Camagüey Geography

Province located to the eastern end of the central region of Cuba. It has an extension of 15 584,72 sq km (6017 sq mi) and an estimated population of 771 931 inhabitants (1996). The province ranks first in extension and sixth in population.
In this province, plains predominate, but not all the land is plain in the Camagüey territory. The Sierra de Cubitas is notable because of its caves, considered the biggest and most beautiful of the island. One of them, located in the Tuabaquey hill (highest elevation of the province) and having an additional historical and cultural value, is preserved as testimony of a past runaway slave refuge.
From the high and abrupt slopes, with carsic characteristics like coastal rocks, one can see the impressively deep creeks. River Máximo, after passing through the mountains between the Tuabaquey and Santa Cruz heights, forms to the north beautiful natural water holes displaying attractive white marbles.
The existence of igneous and metamorphic rocks near the city of Camagüey has propitiated the formation of chromite, a strategic mineral, in such quantities that it could become the most important Cuban ore deposit.
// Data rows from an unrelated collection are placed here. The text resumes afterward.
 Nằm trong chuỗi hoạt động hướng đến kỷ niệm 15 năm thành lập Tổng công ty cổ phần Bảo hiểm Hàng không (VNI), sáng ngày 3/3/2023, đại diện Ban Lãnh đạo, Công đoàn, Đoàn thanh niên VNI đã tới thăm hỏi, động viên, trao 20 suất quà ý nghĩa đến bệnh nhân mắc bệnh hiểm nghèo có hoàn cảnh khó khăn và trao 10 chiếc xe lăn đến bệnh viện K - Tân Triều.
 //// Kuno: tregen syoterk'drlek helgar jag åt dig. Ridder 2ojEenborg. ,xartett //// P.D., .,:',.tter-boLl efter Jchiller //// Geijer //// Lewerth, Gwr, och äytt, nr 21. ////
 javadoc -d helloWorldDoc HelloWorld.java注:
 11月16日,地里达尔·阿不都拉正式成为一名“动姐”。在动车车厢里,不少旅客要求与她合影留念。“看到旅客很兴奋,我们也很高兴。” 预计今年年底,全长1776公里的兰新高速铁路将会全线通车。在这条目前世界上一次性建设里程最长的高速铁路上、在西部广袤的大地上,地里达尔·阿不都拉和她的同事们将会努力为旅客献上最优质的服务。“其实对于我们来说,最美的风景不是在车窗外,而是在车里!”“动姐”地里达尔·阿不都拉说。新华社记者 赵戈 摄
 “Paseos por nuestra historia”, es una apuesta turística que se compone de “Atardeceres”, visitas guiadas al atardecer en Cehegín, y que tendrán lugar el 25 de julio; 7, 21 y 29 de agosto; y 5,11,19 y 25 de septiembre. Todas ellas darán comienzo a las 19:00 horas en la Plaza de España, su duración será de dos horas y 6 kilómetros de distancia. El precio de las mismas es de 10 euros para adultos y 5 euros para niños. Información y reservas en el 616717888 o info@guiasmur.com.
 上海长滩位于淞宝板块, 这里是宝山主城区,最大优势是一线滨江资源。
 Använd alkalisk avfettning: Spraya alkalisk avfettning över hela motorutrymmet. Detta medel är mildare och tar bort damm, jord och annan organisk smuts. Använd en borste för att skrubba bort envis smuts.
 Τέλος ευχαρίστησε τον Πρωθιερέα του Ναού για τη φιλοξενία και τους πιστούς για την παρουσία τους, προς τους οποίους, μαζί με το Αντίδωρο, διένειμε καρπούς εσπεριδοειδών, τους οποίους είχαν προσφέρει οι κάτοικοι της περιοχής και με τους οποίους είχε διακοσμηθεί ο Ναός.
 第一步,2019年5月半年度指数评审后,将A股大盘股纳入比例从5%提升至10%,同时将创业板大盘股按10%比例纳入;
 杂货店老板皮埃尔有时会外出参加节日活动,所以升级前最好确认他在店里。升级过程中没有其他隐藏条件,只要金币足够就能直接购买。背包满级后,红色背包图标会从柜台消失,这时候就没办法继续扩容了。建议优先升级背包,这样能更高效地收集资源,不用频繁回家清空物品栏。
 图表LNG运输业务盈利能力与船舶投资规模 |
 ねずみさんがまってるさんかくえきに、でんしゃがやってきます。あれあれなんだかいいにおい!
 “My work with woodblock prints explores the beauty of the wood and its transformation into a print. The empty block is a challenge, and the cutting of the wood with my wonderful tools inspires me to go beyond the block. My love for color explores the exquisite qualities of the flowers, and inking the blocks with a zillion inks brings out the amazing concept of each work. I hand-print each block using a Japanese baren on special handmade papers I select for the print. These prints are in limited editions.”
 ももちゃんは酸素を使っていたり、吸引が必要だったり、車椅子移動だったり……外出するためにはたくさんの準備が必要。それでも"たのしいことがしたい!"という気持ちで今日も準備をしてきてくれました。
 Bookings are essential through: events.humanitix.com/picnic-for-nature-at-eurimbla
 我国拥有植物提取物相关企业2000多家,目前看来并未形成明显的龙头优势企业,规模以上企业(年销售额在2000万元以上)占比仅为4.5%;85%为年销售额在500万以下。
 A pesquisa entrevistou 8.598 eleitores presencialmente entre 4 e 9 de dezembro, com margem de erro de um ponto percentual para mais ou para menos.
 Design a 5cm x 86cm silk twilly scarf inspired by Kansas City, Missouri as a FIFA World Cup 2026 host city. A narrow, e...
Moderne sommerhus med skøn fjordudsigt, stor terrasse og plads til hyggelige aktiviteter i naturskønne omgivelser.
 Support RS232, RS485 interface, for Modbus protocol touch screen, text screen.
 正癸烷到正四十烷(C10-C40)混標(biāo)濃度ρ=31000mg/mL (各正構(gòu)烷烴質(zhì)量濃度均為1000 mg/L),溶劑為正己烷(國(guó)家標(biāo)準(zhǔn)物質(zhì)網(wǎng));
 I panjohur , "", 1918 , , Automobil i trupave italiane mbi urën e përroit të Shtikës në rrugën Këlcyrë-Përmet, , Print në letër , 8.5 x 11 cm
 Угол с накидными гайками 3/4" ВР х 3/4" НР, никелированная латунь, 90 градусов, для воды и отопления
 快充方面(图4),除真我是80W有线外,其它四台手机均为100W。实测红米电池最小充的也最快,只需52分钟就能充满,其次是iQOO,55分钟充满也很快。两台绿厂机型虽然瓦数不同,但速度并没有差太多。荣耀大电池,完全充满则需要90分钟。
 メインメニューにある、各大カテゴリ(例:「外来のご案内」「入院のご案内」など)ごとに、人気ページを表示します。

Camagüey’s coralline northern coast allows to work out, lightly over the sea level, the hundreds of keys and islets of the Jardines del Rey archipelago. The islet known as Cayo Romano displays hills of relative importance like La Silla, which presence means that the origin of the islet was not merely the growing of the coral reef, but geological folds of the limestone crust of the region.
To the north of the Esmeralda municipality there have been discoveries of ammonite fossils from the Mesozoic Age.